The base cover will range from Rs 50,000-Rs 5 lakh. Individuals between 18 and 65 years of age can buy this product. In case you choose a family floater plan, you can cover your spouse, dependent children, parents and parents-in-law. While the product structure will be standard across insurers, the premiums will be determined by the insurers.

The IRDAI revised some of the features in the original draft, after insurers expressed several reservations. "In our feedback to the first draft, we had suggested offering a fixed benefit product since we already have the standard Arogya Sanjeevani policy in place, which is an indemnity plan. Two products with the same underlying principle would have given rise to confusion," said a top official at a private general insurer, speaking on the condition of anonymity. In an indemnity plan, the insurer pays for actual hospitalisation expenses to the extent of the policy sum insured either through cashless or reimbursement modes.

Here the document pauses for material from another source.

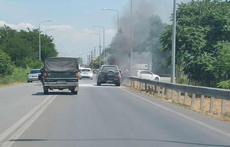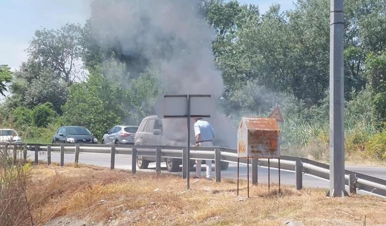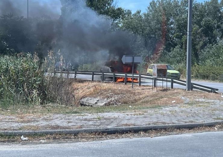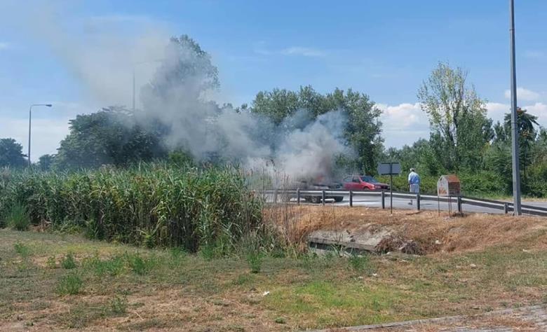 Φωτιά ξέσπασε σε αυτοκίνητο που κινούνταν στην ΠΕΟ Αλεξάνδρειας Κατερίνης λίγο έξω από το Νησέλι.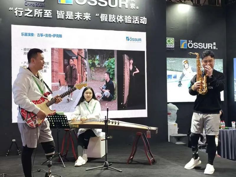 11月28日,2024中國(guó)國(guó)際福祉博覽會(huì)暨中國(guó)國(guó)際康復(fù)博覽會(huì),三名佩戴假肢的表演者上演合奏節(jié)目。劉胤衡/攝

However, even the revised draft is likely to see further changes if the IRDAI takes note of insurers' feedback. "The current upper limit of the sum insured, Rs 5 lakh, is too high for a benefit cover. We have also pointed out that a waiting period of merely 15 days is too short. There is a risk of anti-selection in such cases and the chances of frauds will be high," a senior executive at a private general insurance company said. No provision being made for zone-based pricing is another sticky issue. “The hospital rates in Mumbai, for example, will be far higher than charges in a tier-2 or tier-3 city. Therefore, ideally, insurers should be allowed to charge zone-wise premiums,” said a top official with another general insurer.